The nice thing about a home equity loan is that you do not need a reason to obtain one. Lenders will provide you with a home equity loan if you meet their qualifications. A home equity loan is really a built-in safety net that can help you out during difficult times. Let's say you are suddenly laid-off and you only have enough money in savings to support your family for 3 months. What will you do if you do not have any money in savings after 3 months and you still don't have a job? This is when a home equity loan can really help you out. A home equity loan can cover your cost of living expenses until you are able to find a job and then you can start paying back the money. Do not let your credit card debt and other unsecured debt exceed your home equity. You should always have enough equity in your home that can bail you out if you get in over your head with other debt. Plus, having a large amount of equity in your home can really help your family out if you or someone you love is diagnosed with an illness. The money from your home can pay for the expensive medical costs.

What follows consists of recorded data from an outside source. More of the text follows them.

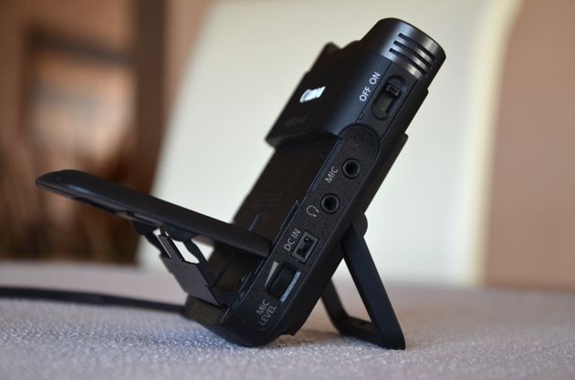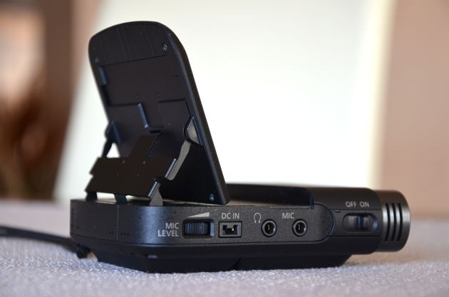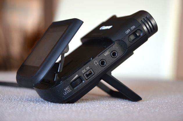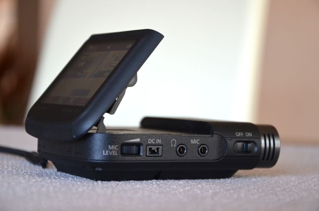 Il comando di avvio delle registrazioni è posizionato intelligentemente nella parte anteriore, laddove le dita devono essere per forza per garantire una impugnatura salda del device; la parte restante dei comandi è disponibile sul display touchscreen, sul quale lasciare inevitabilmente innumerevoli segni di impronta digitale. Disponibili sul lato destro anche lo spazio per un auricolare e un microfono, il che ben fotografa il particolare contesto della videocamera per un utilizzo da primo piano per interviste o “selfie" da caricare online.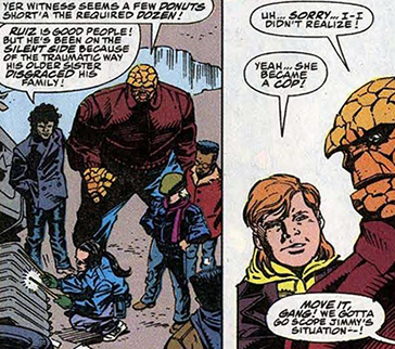 Fantastic Four I#361, p16, pans4&5 (disgraced because sister became a cop)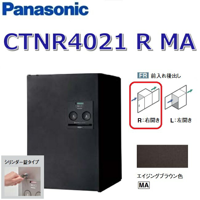 ※写真はメーカーカタログ掲載の代表写真を利用しております。 本商品の写真とは限りません。 パナソニック CTNR4021 R MA/CTNR4021RMA 【FR 前入れ後出し】【R 右開き】【MA エイジングブラウン】コンボ 宅配ボックス スタンダード シリンダー錠 【商品の仕様・機能 等について】 パナソニック 住宅設備・建材 お客様ご相談窓口 フリーダイヤル: 0120-878-093 携帯電話からは:06-6780-5779 ●受付時間:365日/9:00〜18:00 62,500円 税込 送料込 カードOK 住設建材カナモンジャー ![]() | ||
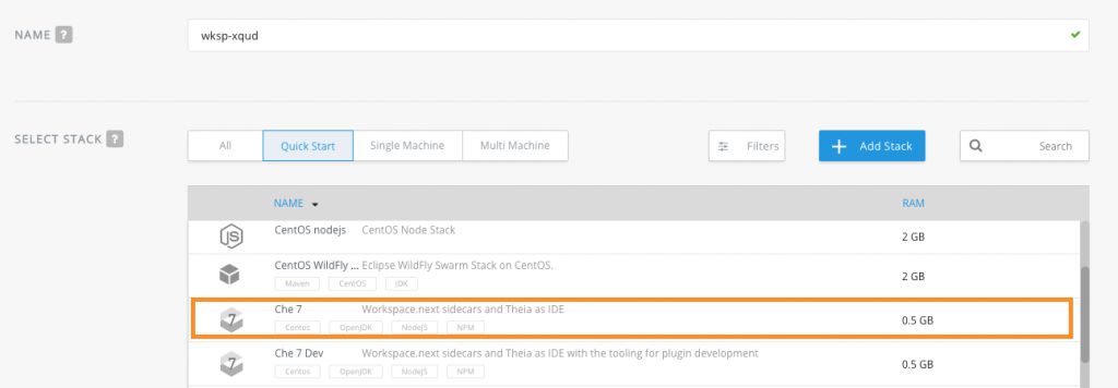 或者到 che.openshift.io 注册新账号并创建新的工作空间,然后选择 Che 7 栈。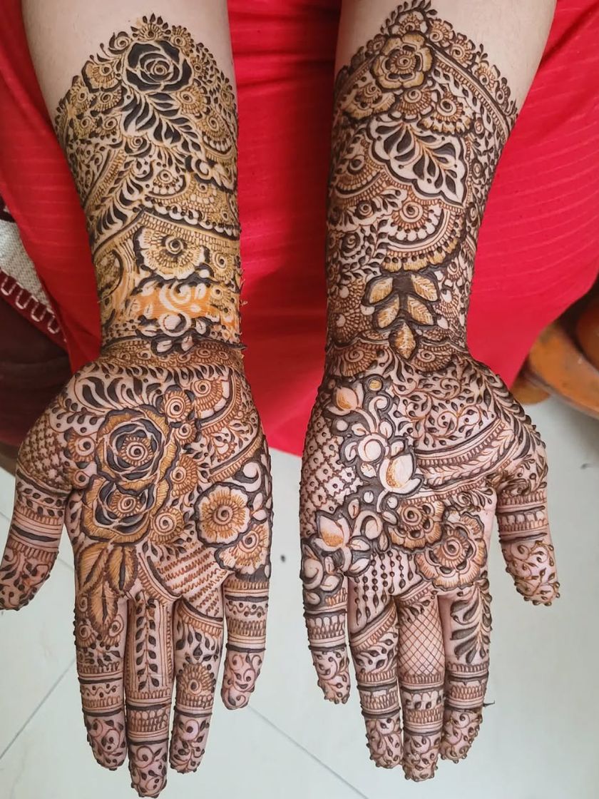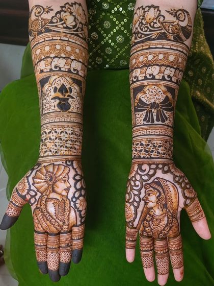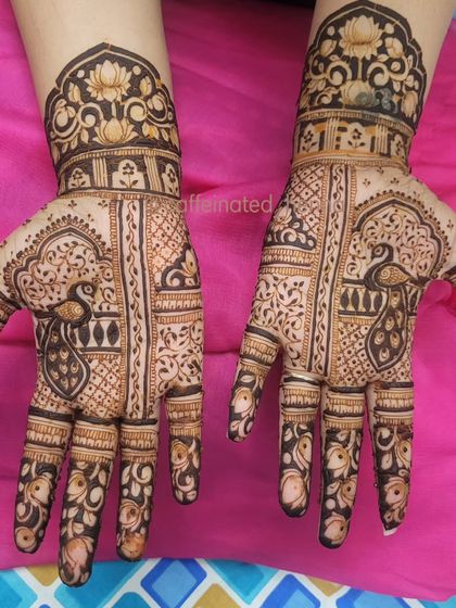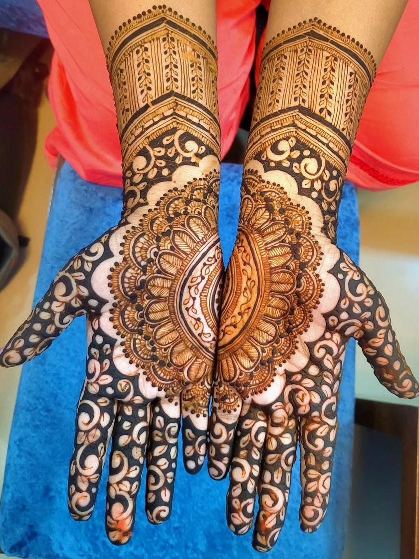 For the bride who wants the full, traditional experience. These designs are dense, intricate, and extend from the hands to the elbows, featuring classic motifs like florals, peacocks, and geometric grids.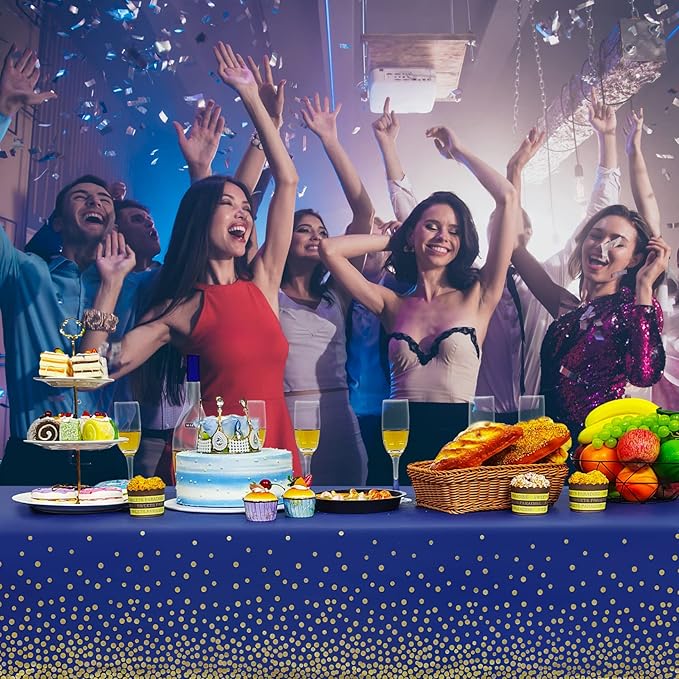 - ✧【Multiple Uses】Navy blue and gold dot tablecloths can create a party atmosphere and are perfect for celebrations like birthday party. Suitable for indoor and outdoor use. Ideal for parties, banquets, birthdays, baby shower, picnics, weddings, graduation, Valentine's Day decorations, Thanksgiving dinners, Christmas celebrations, etc. Not only suitable for parties, but suitable for decorating! Plus, navy blue table cloths for parties can also be used as decorative background banners or graffiti table covers to keep your table clean

A home equity loan isn't for everyone. People with spending problems can really injure their financial future if they start borrowing against their home. Instead of looking at home equity as a lifesaver, they are using it to fuel their spending addiction. They can easily borrow more money than they need and can lose their home if they cannot afford to pay back the money they borrow.
Rules to follow if you use a home equity loan
If you have decided to obtain a home equity loan, you need to keep the following rules in mind:
- Rule # 1 - Only use the money for what you need. Do not waste the money you are pulling out. Remember that your home is being used as collateral to front the loan and the last thing you need is the bank foreclosing on your home because you defaulted on the loan.
- Rule # 2 - Do not pull out more money than you need. It is easy to borrow more money than you need because the interest rates are cheap and there is usually a lot of money available. It is easy to become greedy and borrow more money. Just remember that you will need to pay back this money soon and it could be difficult for you if you borrow too much.
- Rule # 3 - Maintain a good credit rating before and after you obtain a home equity loan. You really need to be careful about your credit score as it can provide you with lower interest rates. If you have a good credit rating, it will be much easier to obtain a loan and to get lower interest rates, saving you thousands of dollars over the life of the loan.